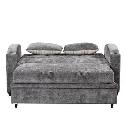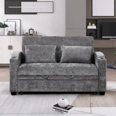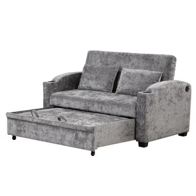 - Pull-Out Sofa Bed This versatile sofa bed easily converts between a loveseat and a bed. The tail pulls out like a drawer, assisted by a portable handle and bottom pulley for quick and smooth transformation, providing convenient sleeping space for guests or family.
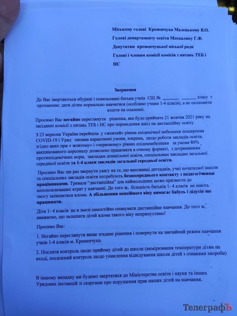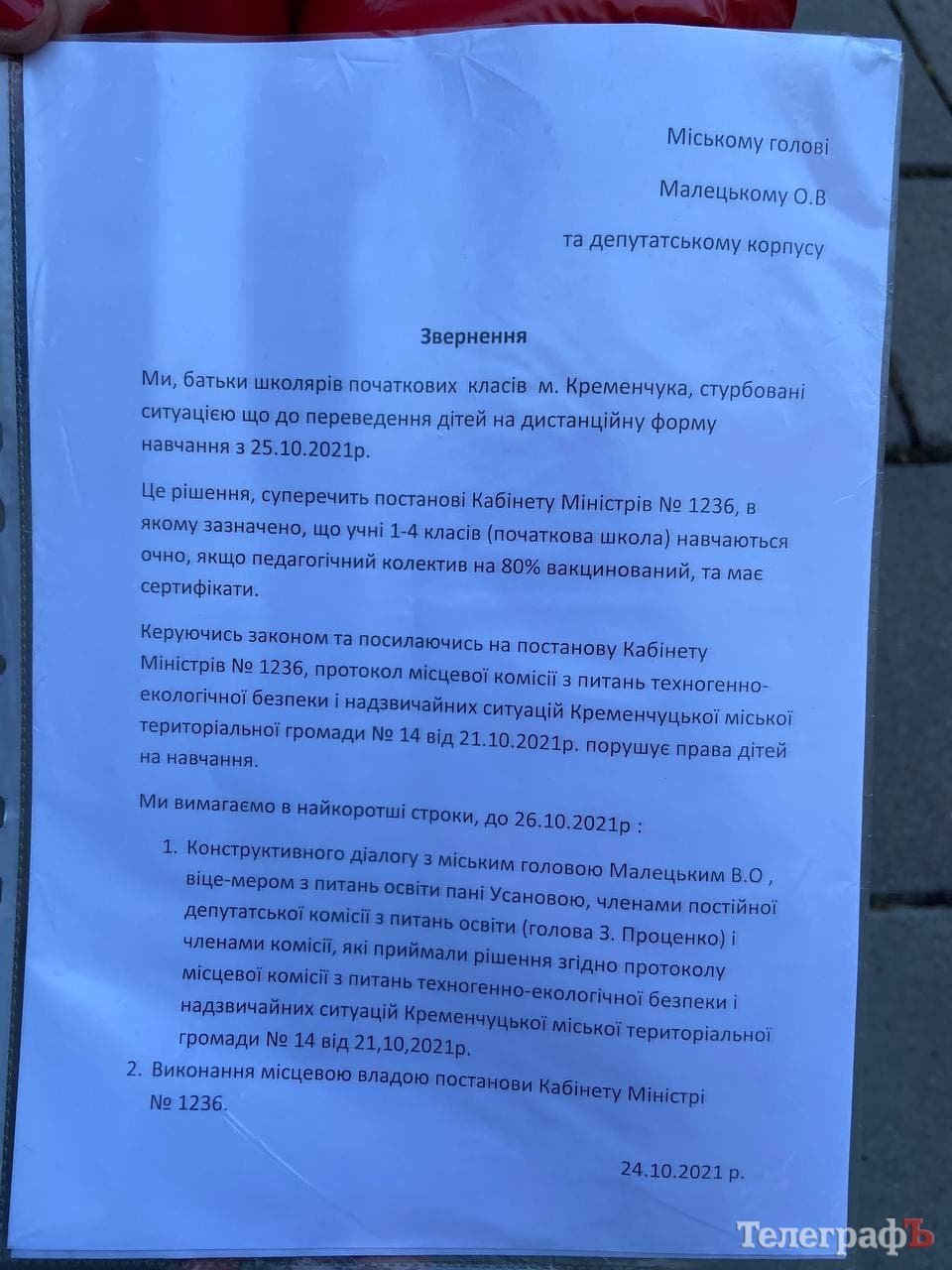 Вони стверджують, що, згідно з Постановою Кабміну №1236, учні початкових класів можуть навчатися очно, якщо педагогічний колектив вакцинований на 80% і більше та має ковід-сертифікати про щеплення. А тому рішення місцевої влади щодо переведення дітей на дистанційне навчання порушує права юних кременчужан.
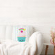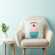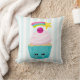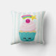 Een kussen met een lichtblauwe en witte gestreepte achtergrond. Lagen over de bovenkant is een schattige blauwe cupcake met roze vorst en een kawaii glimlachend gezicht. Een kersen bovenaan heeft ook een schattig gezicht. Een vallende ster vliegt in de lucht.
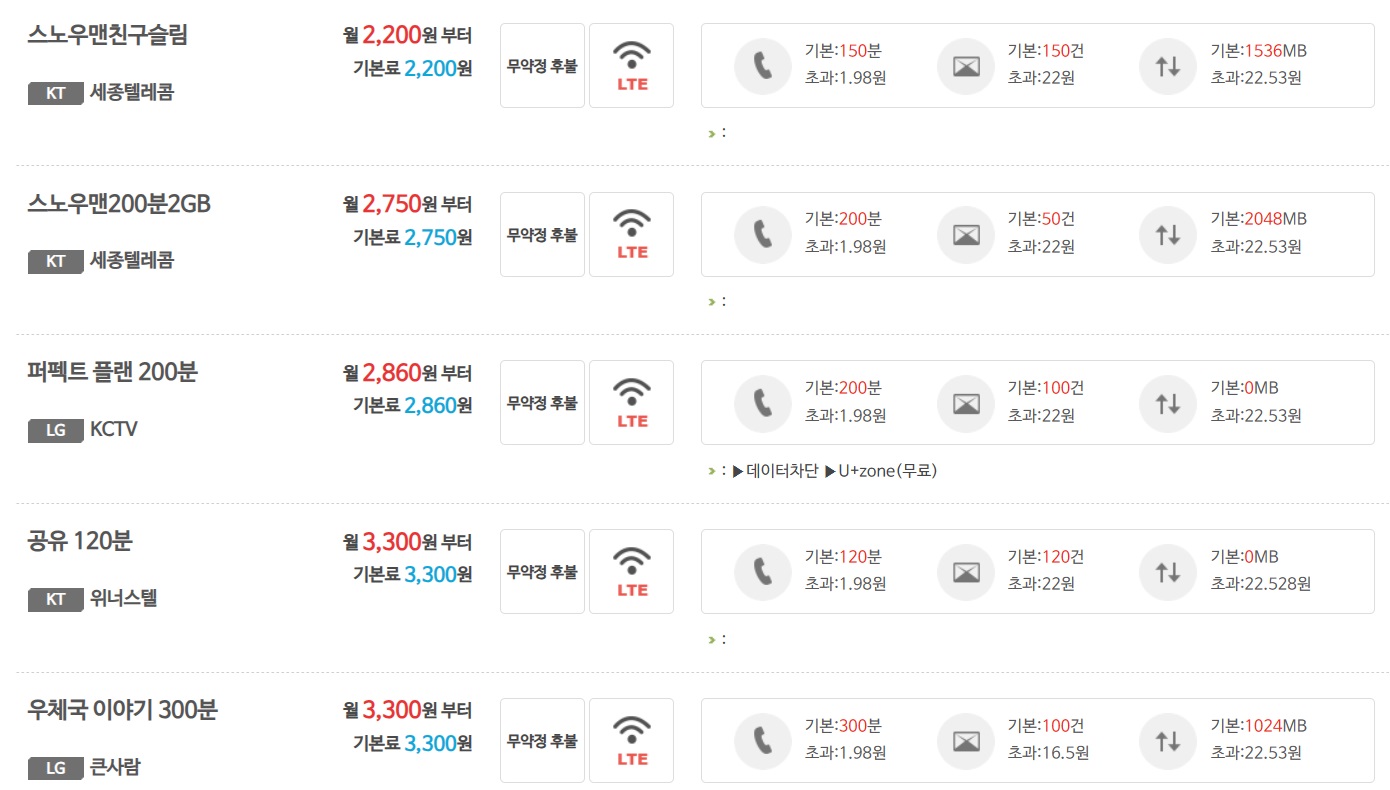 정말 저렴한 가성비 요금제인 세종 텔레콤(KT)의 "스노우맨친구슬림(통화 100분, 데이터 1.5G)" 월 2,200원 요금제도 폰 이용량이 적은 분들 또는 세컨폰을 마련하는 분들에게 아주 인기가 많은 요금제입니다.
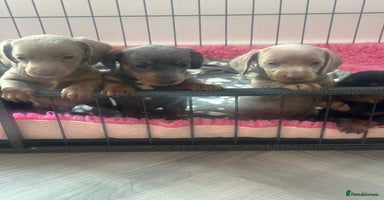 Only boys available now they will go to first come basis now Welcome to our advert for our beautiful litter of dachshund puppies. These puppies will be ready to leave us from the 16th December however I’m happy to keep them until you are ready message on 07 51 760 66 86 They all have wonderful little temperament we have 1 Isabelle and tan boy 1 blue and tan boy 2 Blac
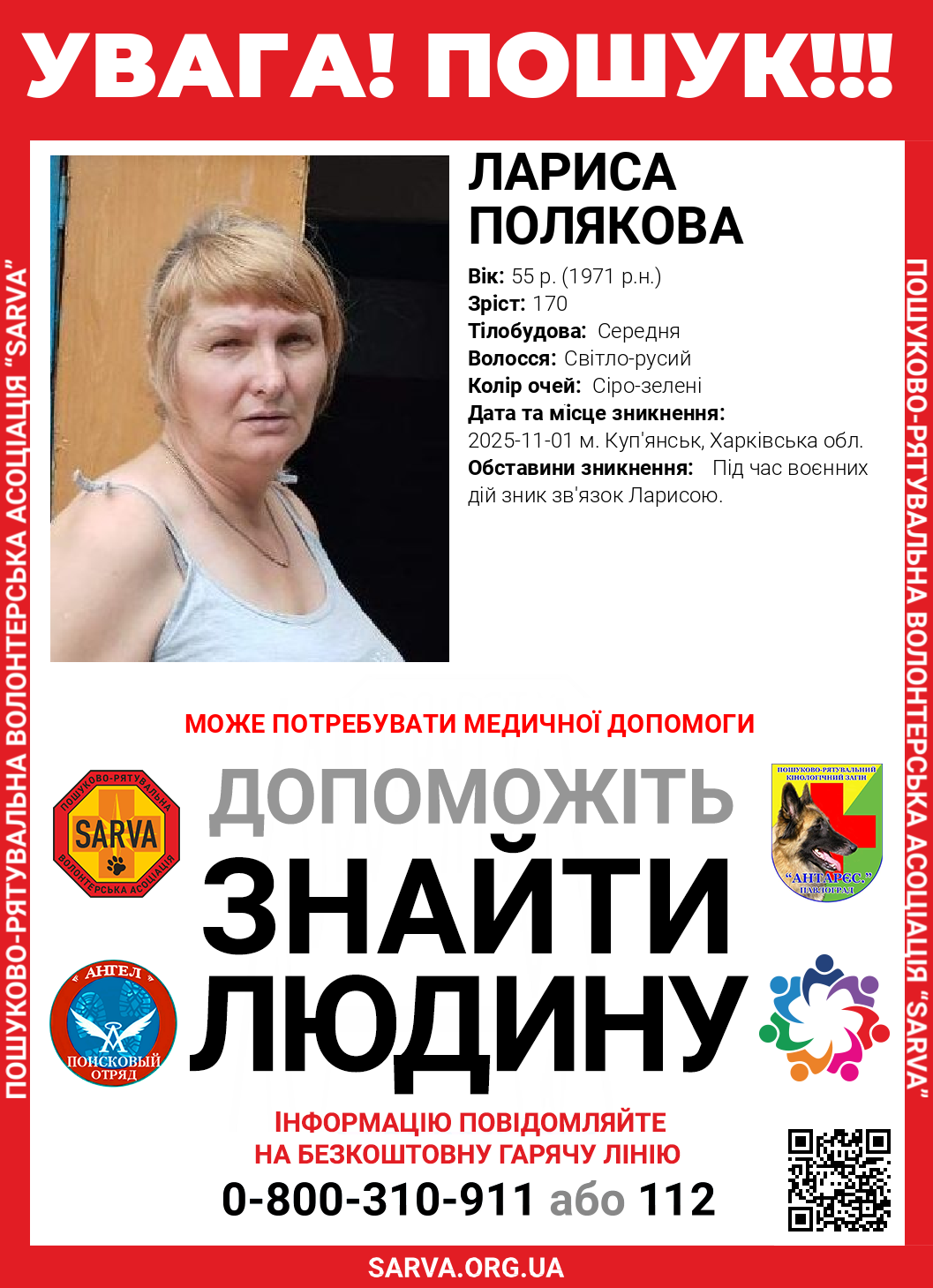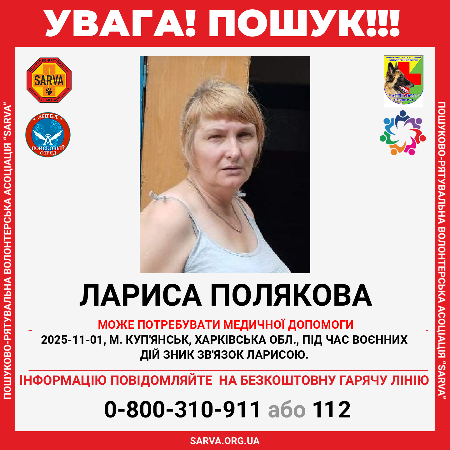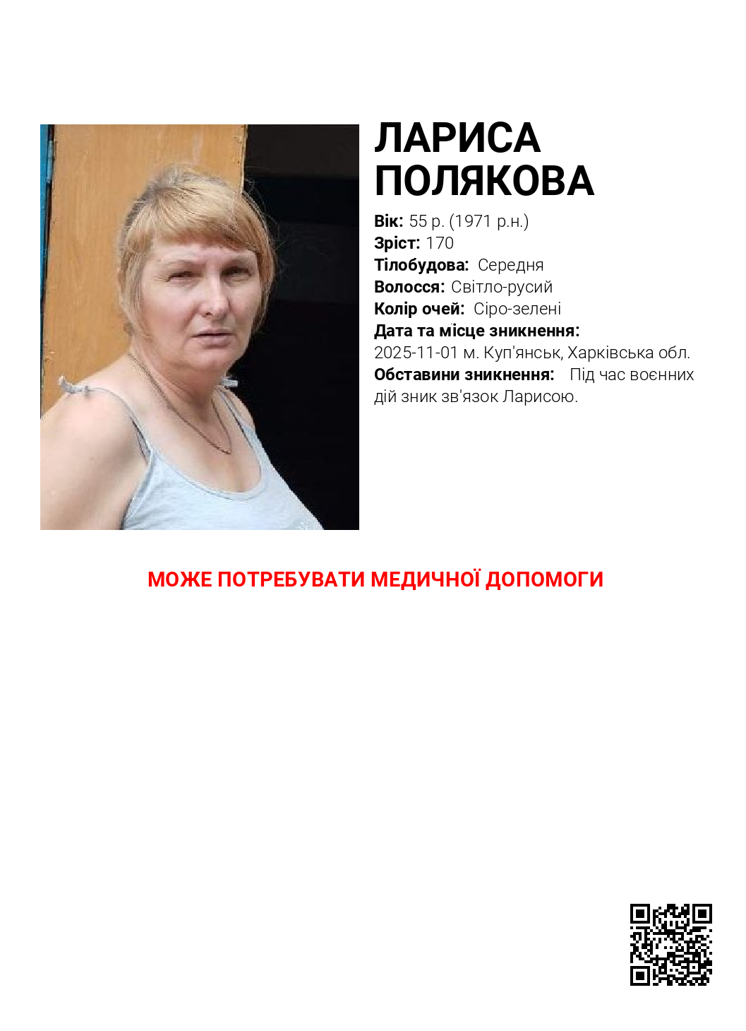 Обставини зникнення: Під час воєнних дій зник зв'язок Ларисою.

- - -

▶ What this task involves:
Copy out the material above in full and exactly; its pictures are not to appear.

▶ Task response:
 - Pull-Out Sofa Bed This versatile sofa bed easily converts between a loveseat and a bed. The tail pulls out like a drawer, assisted by a portable handle and bottom pulley for quick and smooth transformation, providing convenient sleeping space for guests or family.
 Вони стверджують, що, згідно з Постановою Кабміну №1236, учні початкових класів можуть навчатися очно, якщо педагогічний колектив вакцинований на 80% і більше та має ковід-сертифікати про щеплення. А тому рішення місцевої влади щодо переведення дітей на дистанційне навчання порушує права юних кременчужан.
 Een kussen met een lichtblauwe en witte gestreepte achtergrond. Lagen over de bovenkant is een schattige blauwe cupcake met roze vorst en een kawaii glimlachend gezicht. Een kersen bovenaan heeft ook een schattig gezicht. Een vallende ster vliegt in de lucht.
 정말 저렴한 가성비 요금제인 세종 텔레콤(KT)의 "스노우맨친구슬림(통화 100분, 데이터 1.5G)" 월 2,200원 요금제도 폰 이용량이 적은 분들 또는 세컨폰을 마련하는 분들에게 아주 인기가 많은 요금제입니다.
 Only boys available now they will go to first come basis now Welcome to our advert for our beautiful litter of dachshund puppies. These puppies will be ready to leave us from the 16th December however I’m happy to keep them until you are ready message on 07 51 760 66 86 They all have wonderful little temperament we have 1 Isabelle and tan boy 1 blue and tan boy 2 Blac
 Обставини зникнення: Під час воєнних дій зник зв'язок Ларисою.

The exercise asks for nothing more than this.